'Die Königin der Schwerter' liest sich wunderbar flüssig und bleibt dabei spannend bis zur letzten Seite. Dabei wechseln die Erzählstränge nicht nur zwischen unserer Welt und der Welt Benizes, sondern auch innerhalb dieses Reiches zwischen verschiedenen Personen, die mit der Geschichte verknüpft sind, hin und her. Dabei sind für mich alle Erzählstränge gleich spannend und die betroffenen Personen jeweils so interessant und vielschichtig, dass ich am liebsten immer auf allen Schauplätzen gleichzeitig gewesen wäre. Keine Erzählperspektive hat mich gelangweilt, im Gegenteil, ich wollte immer wissen, wie es den Einzelnen weiter ergeht. Die Erzählperspektive wechselt aber nicht nur zwischen einzelnen Personen und ihren Handlungen, sondern lässt auch immer mal wieder Geschehnisse aus der Sicht unterschiedlicher Protagonisten wiederholt passieren, so dass man sie nachträglich nochmals aus unterschiedlichen Blickwinkeln betrachten kann und z. B. Auswirkungen eingesetzter Magie sofort an anderen Personen miterleben kann. Das gefällt mir immer wieder sehr gut.
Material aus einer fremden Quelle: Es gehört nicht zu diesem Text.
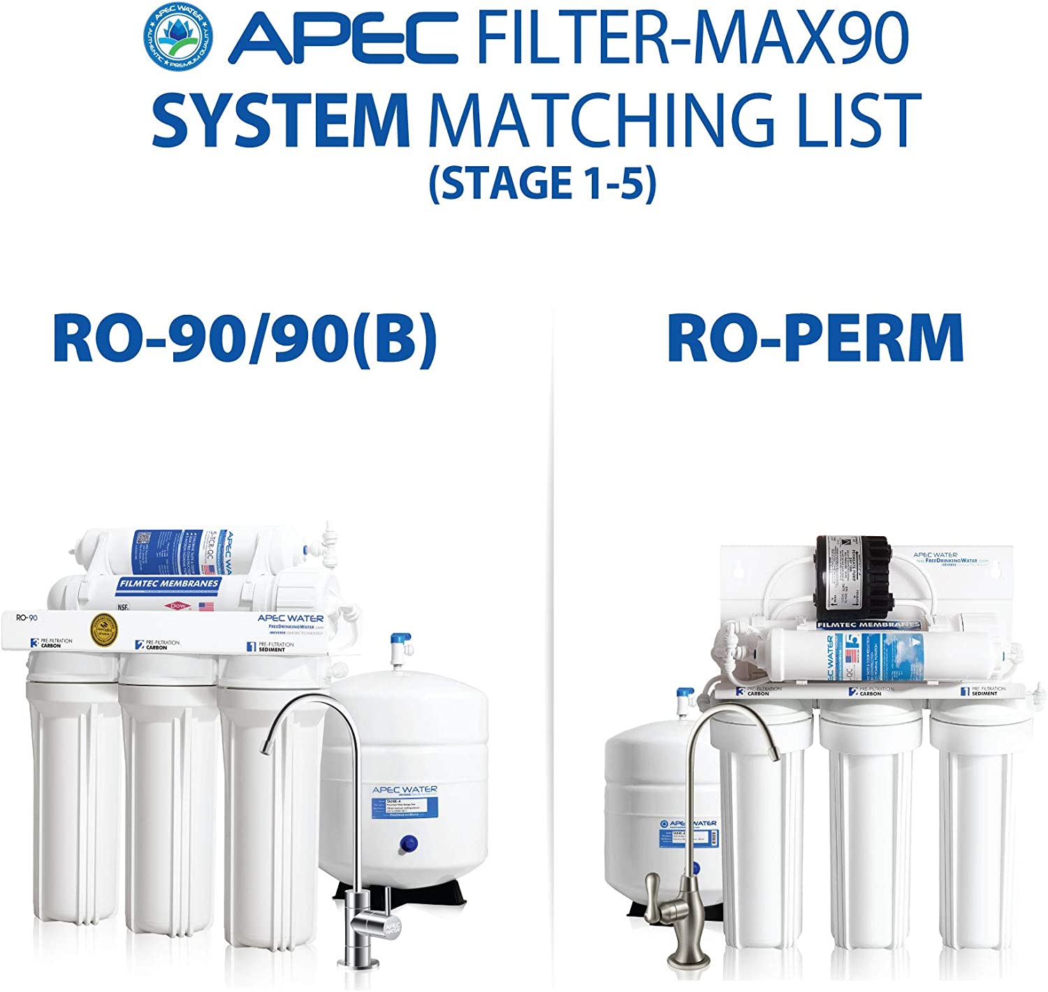 APEC Ultimate high flow 5-stage complete filter set is made in USA with the highest quality filtration components to provide a longer lasting filter set to protect and prolong the lifespan of your Reverse osmosis system. Premium quality pre-filter cartridges lasts over 12 months while the membrane and post carbon filter last 3-5 years for fewer filter change outs and high performance impurity removal. Compatible for APEC RO-90, RO-PERM, and all other standard size under counter 50-90 GPD RO systems on the market.

Hervorzuheben ist auch, dass man lange Zeit im Ungewissen blieb, wer von den Personen als Gut oder Böse zu betrachten ist. Wobei es ein getrenntes gut und böse kaum gab, denn man entwickelt für die Personen und ihren Lebenshintergrund Verständnis und die Charaktere verändern sich im Laufe der Geschehnisse, bzw. die Geschehnisse verändern sie, so dass man lange hin- und hergerissen ist, wem man trauen kann und wem nicht. Das erhöhte in großem Maße die Spannung
Sehr gut beschrieben sind die magischen Momente und die Emotionen der Personen. Man konnte richtig mitfühlen, manche Szene war richtig unheimlich.
Das Ende ist kein totales Happy-End, sondern bleibt bei dem ein oder anderen Schicksal konsequent aber realistisch. Aber genau das hat mir hier gut gefallen, denn es passte und alles andere wäre unglaubwürdig gewesen.
Eine sehr schöne und für mich niemals langweilige Geschichte, die ich gerne weiterempfehle.